| WHAT THE EXERCISE ASKS |
Print the data exactly. Omit the pictures.

| MATERIAL PROVIDED |
+ + + + +

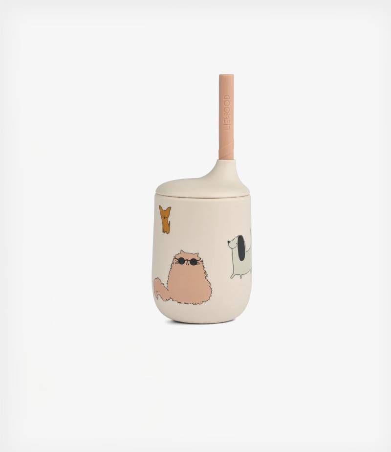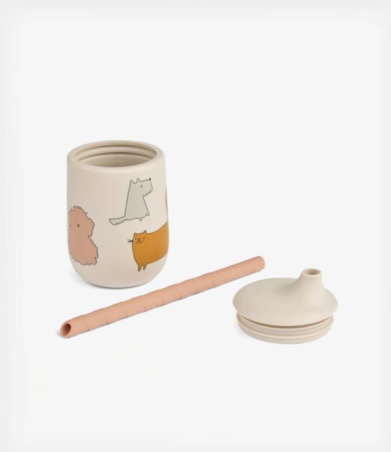 Liewood Ποτηράκι σιλικόνης με καλαμάκι Ellis Sippy Cup – Cats and Dogs/Sandy 230ml
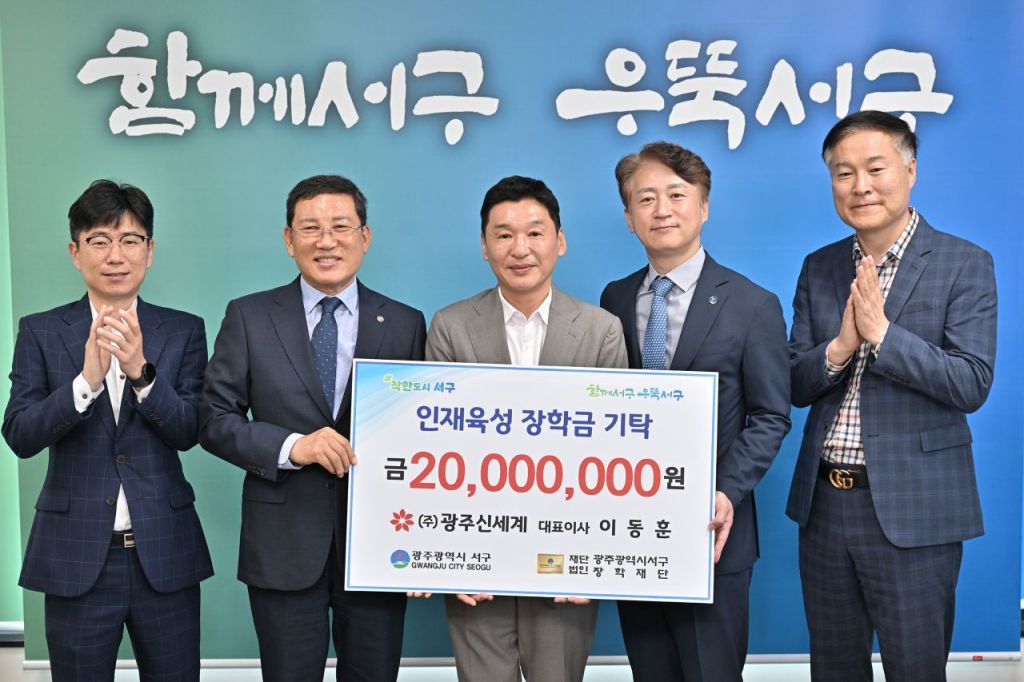 광주 서구(구청장 김이강)는 14일 서구청 구청장실에서 광주신세계(대표이사 이동훈)로부터 인재 육성을 위한 장학금 2000만원을 기탁 받았다. 광주 서구 제공
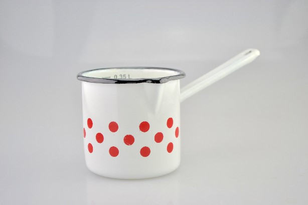 KÁVÉKIÖNTŐ FEHÉR ZOMÁNC PIROS PÖTTYÖS MÉRCÉS 0,4L

+ + + + +

| RESPONSE FOR THIS EXERCISE |
 Liewood Ποτηράκι σιλικόνης με καλαμάκι Ellis Sippy Cup – Cats and Dogs/Sandy 230ml
 광주 서구(구청장 김이강)는 14일 서구청 구청장실에서 광주신세계(대표이사 이동훈)로부터 인재 육성을 위한 장학금 2000만원을 기탁 받았다. 광주 서구 제공
 KÁVÉKIÖNTŐ FEHÉR ZOMÁNC PIROS PÖTTYÖS MÉRCÉS 0,4L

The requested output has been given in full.